For Ferguson, it’s that kind of forceful imagination that inspires librarians to keep moving.
“We’re really good at keeping the machines going: The clocks are always wound, the equipment is up and running,” Ferguson says. “What the students do is they push us to innovate — to consider new technologies and new ways to think about the space.”
Ferguson hopes the b.Makerspace clubs — whose interests range from food waste to emergency response robots — can hold open houses and workshops for the campus community to show off their technologies and passions. Through that openness, the Library can inspire new partnerships and redefine what’s possible, Ferguson says.
“We want data science people to talk to engineering folks,” says Josh Quan, the data services librarian. “We want engineering folks to talk to digital humanities folks.”
For Nicole Brown, who mentors the library research fellows, the community-building in the Makerspace is a rough blueprint for how the Library aims to serve students in the future. As the Library begins to imagine how the first three floors of Moffitt Library can transform into the Center for Connected Learning, Brown hopes to build a new kind of reference desk — one bustling with students, with no shortage of talents and ideas.
The Center for Connected Learning, which has already taken over Moffitt’s top two floors, will not only be a gateway into the Library’s resources, but a hub for students of all levels to explore together.
“We’re not going to plop a traditional reference desk in there, we know that,” Brown says. “It’s going to be something way more permeable and messy.”
For now, it’s still theoretical.

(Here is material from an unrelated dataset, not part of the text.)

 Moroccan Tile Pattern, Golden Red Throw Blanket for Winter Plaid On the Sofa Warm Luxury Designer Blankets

But little by little, librarians hope the fellows can show them the path forward.
‘I’d like to keep going’
It was a couple of years ago that Auduong first stumbled into the Makerspace. She had just come from a depressing job recruiting session, and it was pouring rain outside.
“I walked in, and someone asked me if I wanted to learn how to 3-D print,” Auduong says. “And I said, ‘Yes,’ because I was crying, and I had nothing else to do that day.”

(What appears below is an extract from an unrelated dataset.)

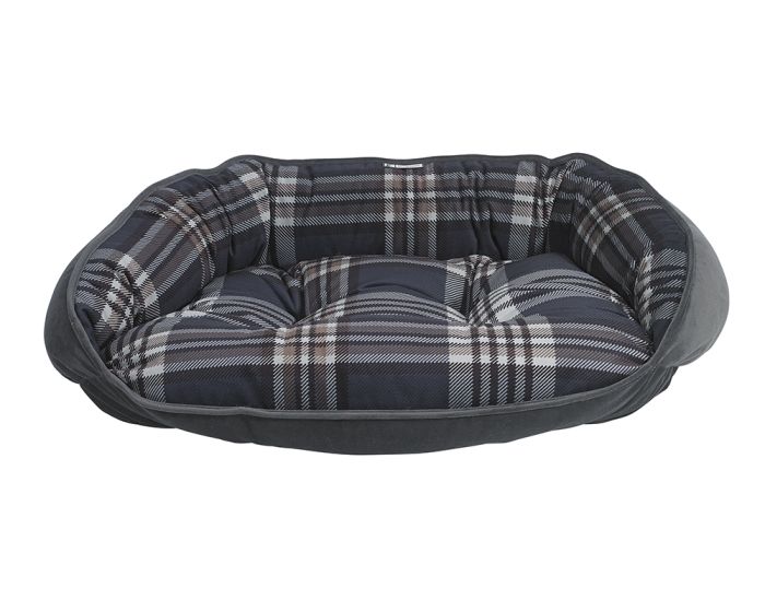 This unique design is ideal for older or arthritic dogs. The oval backrest bolster provides support and creates the feeling of security pets love. The overstuffed attached bottom cushion is tufted to ensure fibre does not clump or shift when washing.
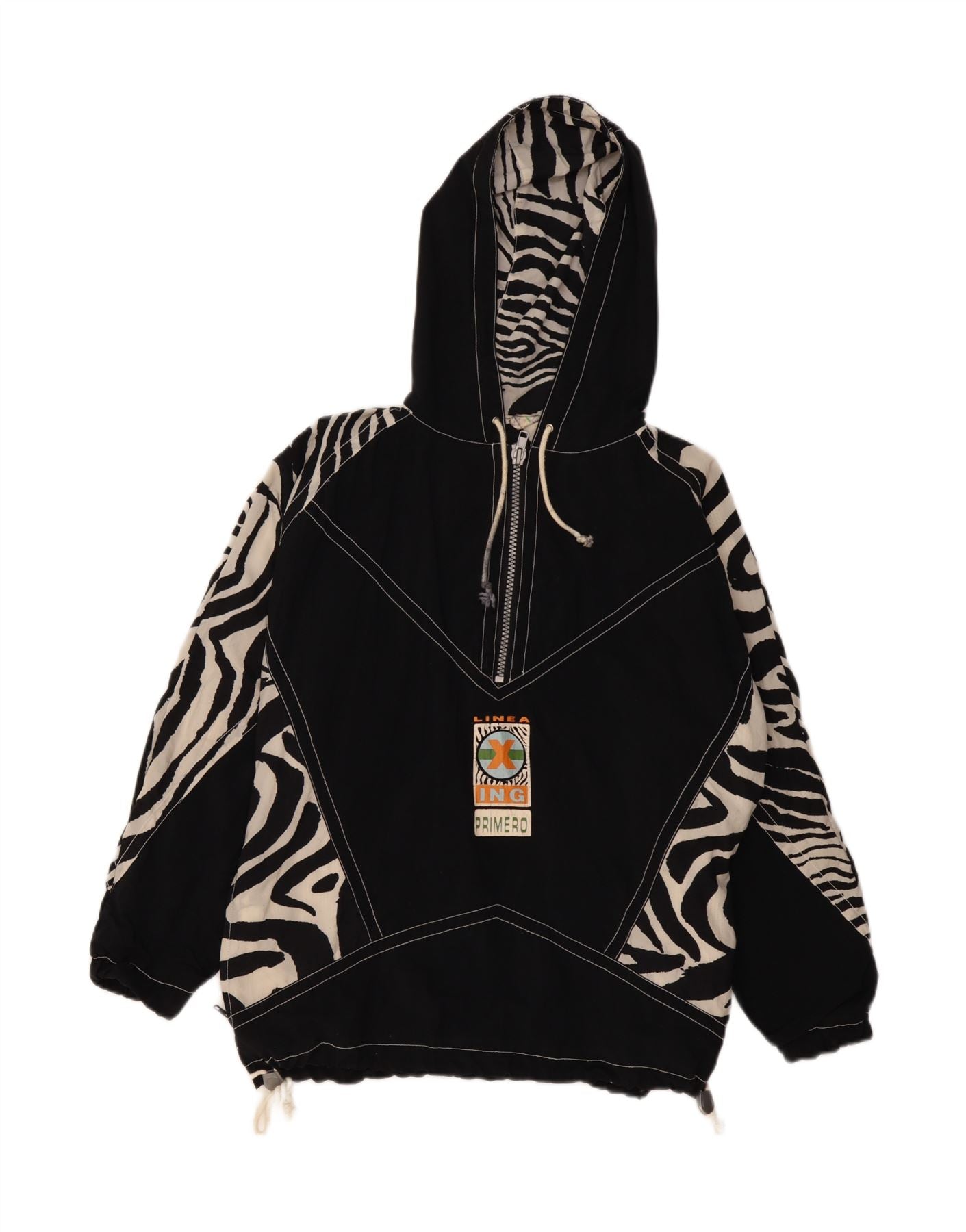 VINTAGE Herren Loose Fit Kapuzen-Anorakjacke UK 36 Kleiner schwarzer Tierdruck

Today, April 20, is also Auduong’s birthday. Panditi, the other Makerspace fellow, has made her a giant cake, and Auduong is surrounded by friends.
Next year, Auduong will be president of b.Makerspace. She hopes to build up a community in that space, so that others can benefit from the kind of support system she found when she needed it most.
“Freshman year me? I cringe at the thought,” Auduong says. “I think of myself now, and I’m not perfect — I have so much growing to do — but I’m still paces ahead of where I used to be.
“I’d like to keep going,” she says. “Makerspace was a foundation from which I felt secure enough to keep going.”